- _Instructions to follow_
Your answer must consist of exactly the lines below, starting with the line with "Гости вечеринки познакомились" and going on through the line with "6″ (15.24cm) overall.", and nothing else.

BEGIN Given entries

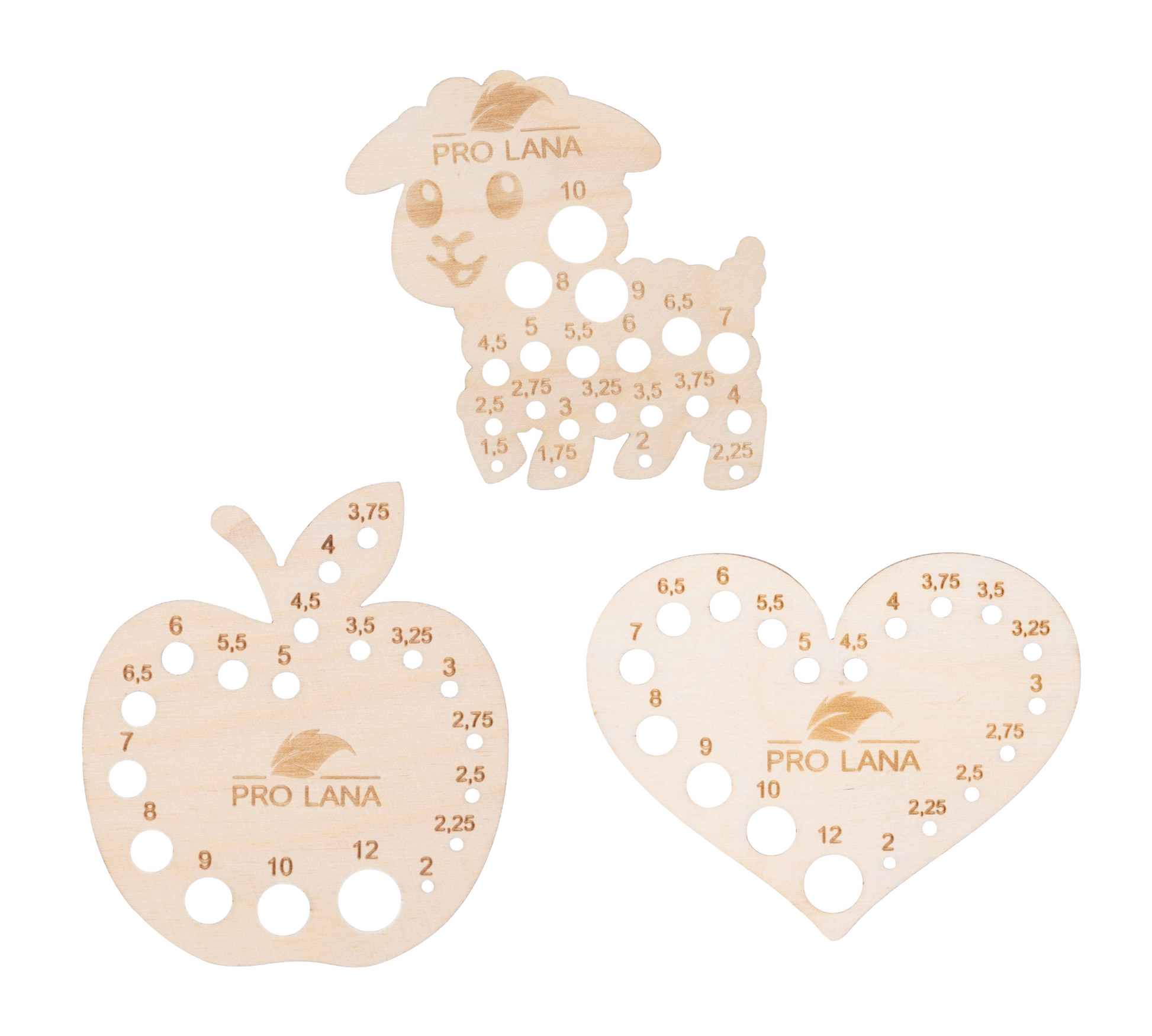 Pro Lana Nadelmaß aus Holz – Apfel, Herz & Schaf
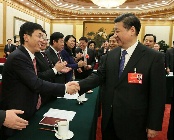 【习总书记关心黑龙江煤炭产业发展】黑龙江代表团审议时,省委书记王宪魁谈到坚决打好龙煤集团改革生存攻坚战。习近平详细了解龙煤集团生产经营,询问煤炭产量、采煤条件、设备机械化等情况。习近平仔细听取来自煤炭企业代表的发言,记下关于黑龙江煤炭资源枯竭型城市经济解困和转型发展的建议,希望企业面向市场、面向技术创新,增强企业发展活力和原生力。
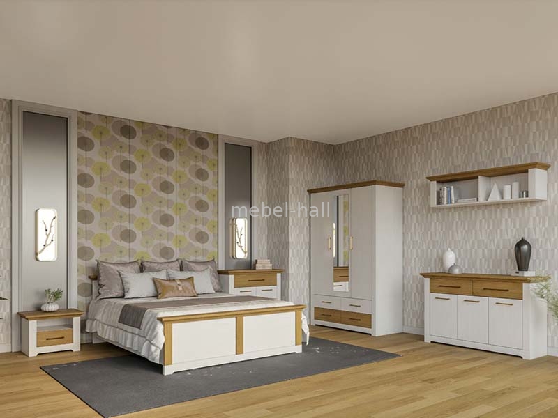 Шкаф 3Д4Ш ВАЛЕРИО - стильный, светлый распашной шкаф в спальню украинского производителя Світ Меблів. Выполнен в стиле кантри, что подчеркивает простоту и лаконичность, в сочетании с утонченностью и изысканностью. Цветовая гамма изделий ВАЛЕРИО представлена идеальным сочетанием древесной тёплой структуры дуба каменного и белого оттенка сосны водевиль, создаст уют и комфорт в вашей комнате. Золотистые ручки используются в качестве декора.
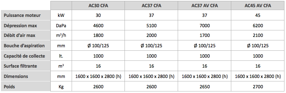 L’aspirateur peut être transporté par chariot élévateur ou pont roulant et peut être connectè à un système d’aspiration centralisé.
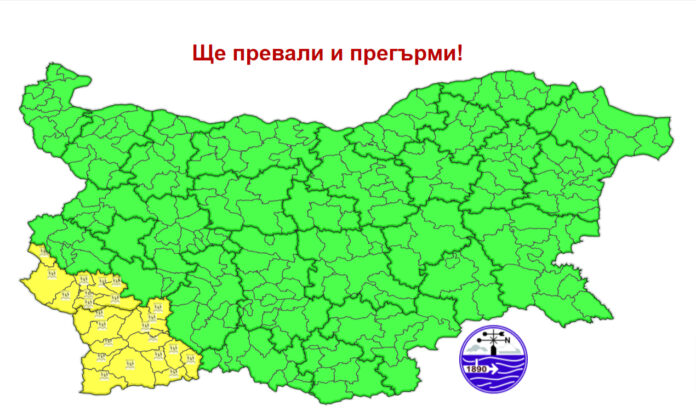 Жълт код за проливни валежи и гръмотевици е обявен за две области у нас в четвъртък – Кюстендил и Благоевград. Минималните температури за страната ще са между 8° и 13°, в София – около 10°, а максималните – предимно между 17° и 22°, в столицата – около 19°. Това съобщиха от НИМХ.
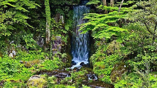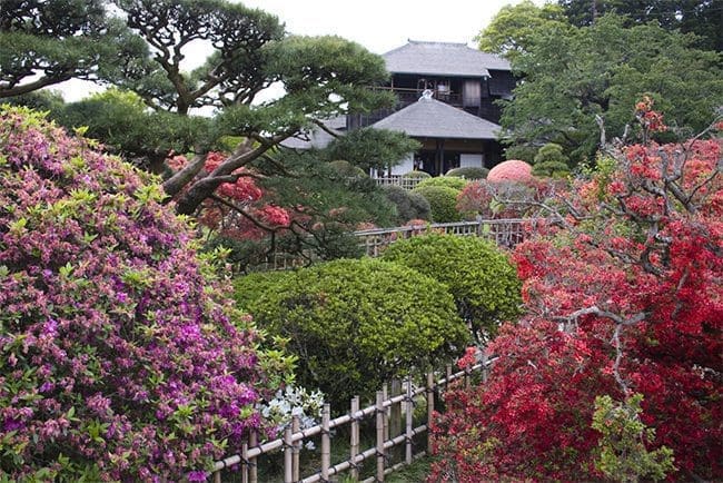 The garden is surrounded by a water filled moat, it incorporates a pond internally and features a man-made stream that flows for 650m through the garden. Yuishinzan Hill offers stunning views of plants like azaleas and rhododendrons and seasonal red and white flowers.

END Given entries
BEGIN Given entries

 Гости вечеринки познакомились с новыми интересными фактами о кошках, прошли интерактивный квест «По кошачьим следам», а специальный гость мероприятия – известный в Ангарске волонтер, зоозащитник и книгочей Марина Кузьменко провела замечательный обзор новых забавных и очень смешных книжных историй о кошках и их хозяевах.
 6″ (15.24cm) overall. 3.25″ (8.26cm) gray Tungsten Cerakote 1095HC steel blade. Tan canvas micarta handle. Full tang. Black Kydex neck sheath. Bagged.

END Given entries

- _Solution to the exercise_
 Гости вечеринки познакомились с новыми интересными фактами о кошках, прошли интерактивный квест «По кошачьим следам», а специальный гость мероприятия – известный в Ангарске волонтер, зоозащитник и книгочей Марина Кузьменко провела замечательный обзор новых забавных и очень смешных книжных историй о кошках и их хозяевах.
 6″ (15.24cm) overall. 3.25″ (8.26cm) gray Tungsten Cerakote 1095HC steel blade. Tan canvas micarta handle. Full tang. Black Kydex neck sheath. Bagged.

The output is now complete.